There have been studies on ababolics, synthetic testosterone, that demonstrate this. Taking steroids and doing absolutely nothing leads to more fat loss and more muscle gain than not taking steroids and working out. Which... yeah duh.
But people will still deny this, because of the implications. We all have different baselines, and nobody likes to hear that they got lucky in some ways. Everyone wants to believe the world and human condition is perfectly fair, so they feel that they deserve what they have.
I think the described problem is real, but I'm astonished at the "went into politics" solution. I would expect that the lab work was a much more concrete, achievable, and lasting good than anything that will come of engaging with zero-sum or negative-sum games.

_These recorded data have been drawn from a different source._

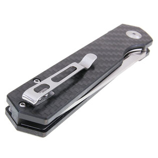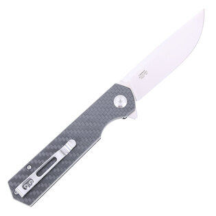Rukoväť noža je vyrobená z uhlíkových vlákien, ktoré vynikajú nízkou hmotnosťou a vysokou odolnosťou. Rukoväť obsahuje výrez na prsty pre stabilný a pevný úchop v akejkoľvek situácii. Nechýba ani kvalitná Flipper-Lock poistka pre maximálnu bezpečnosť pri používaní.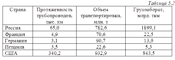 Если, кроме того, посмотреть качество дорожного покрытия, то можно увидеть, что 15% дорог – грунтовые, т.е. пригодны для движения только в сухое или холодное время года, а весной и осенью они непроезжие; 38% дорог имеют недолговечное щебеночное или гравийное покрытие, себестоимость перевозок по таким дорогам в 3–5 раз выше, чем по дорогам с усовершенствованными капитальными типами покрытий. Дороги с твердым покрытием – цементобетонные и асфальтобетонные составляют 47%. При современной интенсивности движения дороги с твердым покрытием, построенные по советским технологиям, выдерживают 1–2 года, не больше. Несмотря на приоритеты в сторону более экологичных видов транспорта, в странах Европы продолжается развитие и совершенствование системы трансевропейских автомагистралей, которые включаются в систему транспортных коридоров Европы. Внутренний водный транспорт. Внутренние водные пути на территории Российской Федерации соединяют значительные территории в европейской части (единая глубоководная система), через Балтику, Черное и Каспийское моря с зарубежными странами и имеют особенно большое значение для обеспечения транспортно-экономических связей в северных и восточных районах страны. По обеспеченности внутренними водными путями с нашей страной можно сравнивать США. Внутренний водный транспорт США располагает водными путями в 40,8 тыс. км, что по протяженности составляет около 40% от водных путей России. По внутренним водным путям в США перевозят ежегодно 700 млн т различных грузов, что в 7 раз больше, чем в России. Из данного сопоставления можно сделать вывод, что интенсивность использования внутреннего водноготранспорта России в 10–15 раз ниже потенциально возможной. Трубопроводный транспорт. Доля трубопроводного транспорта в транспортной системе России весьма значительна. Трубопроводный транспорт эффективно используется для экспорта нефти и газа, в настоящее время этот процесс интенсифицируется. Трубопроводы в Приморск, по дну Балтики (Нордстрим), через Черное море позволят увеличить экспорт газа. Протяженность трубопроводов и объем транспортировки в других странах приведены в табл. 5.2.
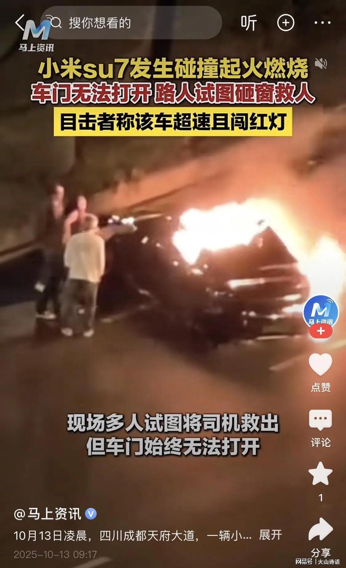 试问国内新能源汽车初创期间,谁能交出如此亮眼的业绩?所以问题就来了,一起车祸,带上了小米su7,就上了各大APP热榜了。没办法,人家小米汽车,流量大。

I also wonder about the "now it's time to lift everyone else into abundance" earlier in the article. I don't disagree that this is valuable, but it doesn't solve the existential "why", it just puts it off for a few decades until the poorest humans are as rich as wealthy Americans are now. "What a problem to have!" one might say, but literally that is the problem that the article is about, right? Going back to power-level everyone else doesn't actually solve the problem of what to do when someone reaches the level cap.

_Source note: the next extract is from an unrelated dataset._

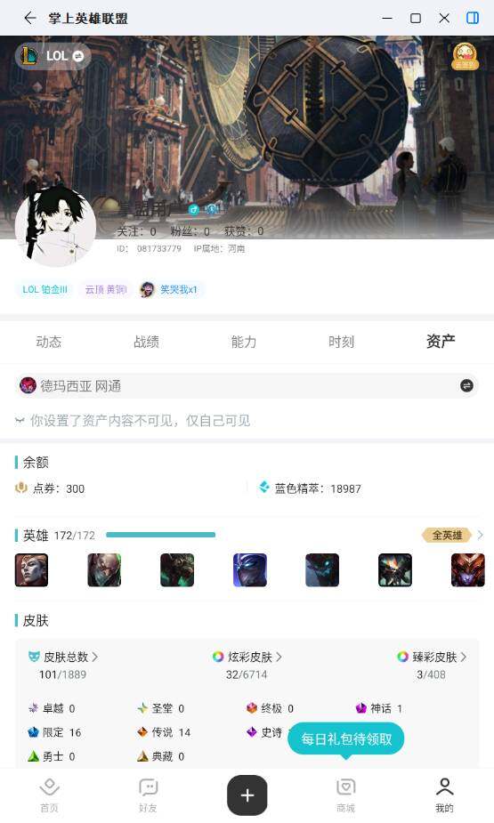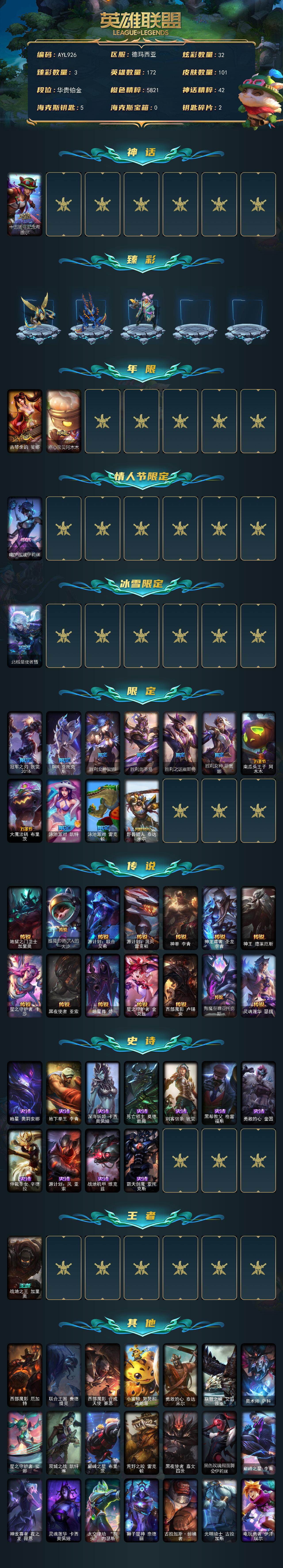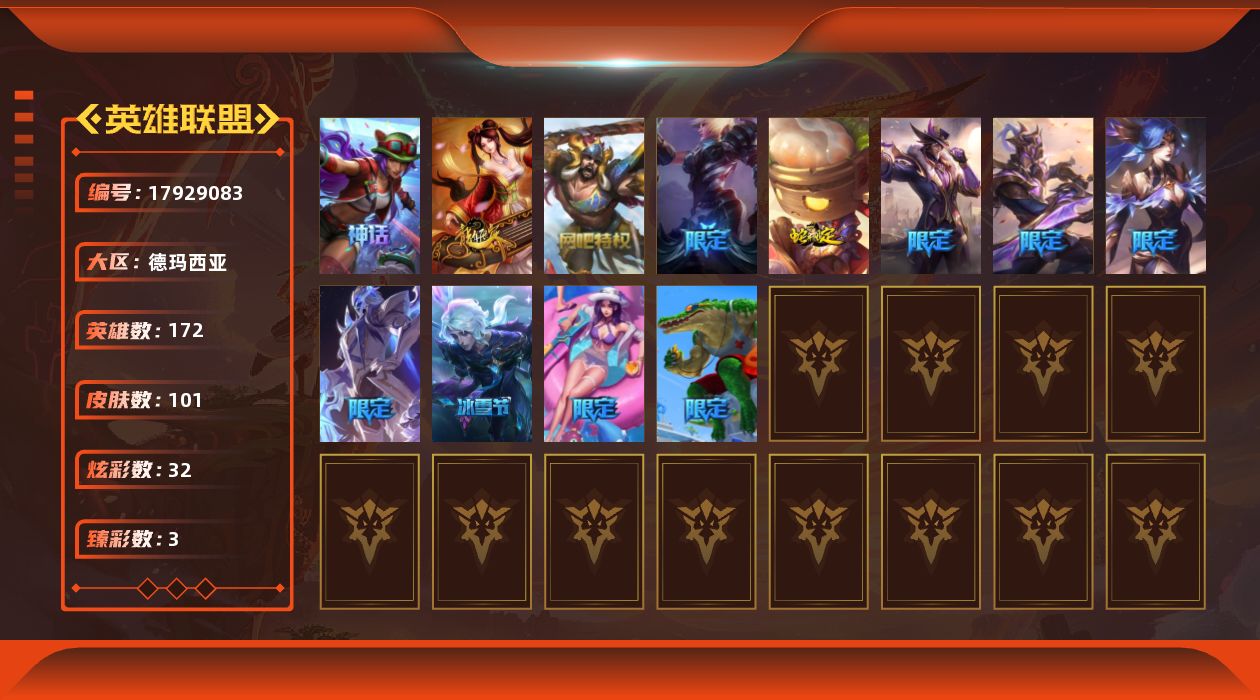 [17929083]铂金段位-172英雄-101皮肤-32炫彩-0终极-1神话-16限定-14传说-11史诗

Ultimately there is nothing that is obviously and provably more important than the individual reading or writing this, as there kinda was in previous eras. Some candidates include religion, panhuman expansion or thriving (Musk), building a successor entity or entities (Altman), and the State or politics (the OP). I don't know of any argument better than personal preference, at the moment.
I think this is, in part, what the article is arguing. Community, and multi-generational culture and tradition, were a technology which helped populations thrive in what we now consider abject poverty. As the world gets wealthier, due to more recent technologies like widespread markets, staying in the same place and interacting with only the same 100-500 people for one's whole life is no longer something that almost everyone has to do, which explodes the basis for those earlier techs.
With TFR rapidly falling, current and future children are much less likely to even have any family other than parents, which cuts out another pillar supporting community and tradition, too.
I don't have a pat answer or know where this is going, but--assuming humanity survives--unless we want to turn into Asimov's Spacers, we'll have to find something to care about.
I find it difficult to express how strongly I disagree with this sentiment.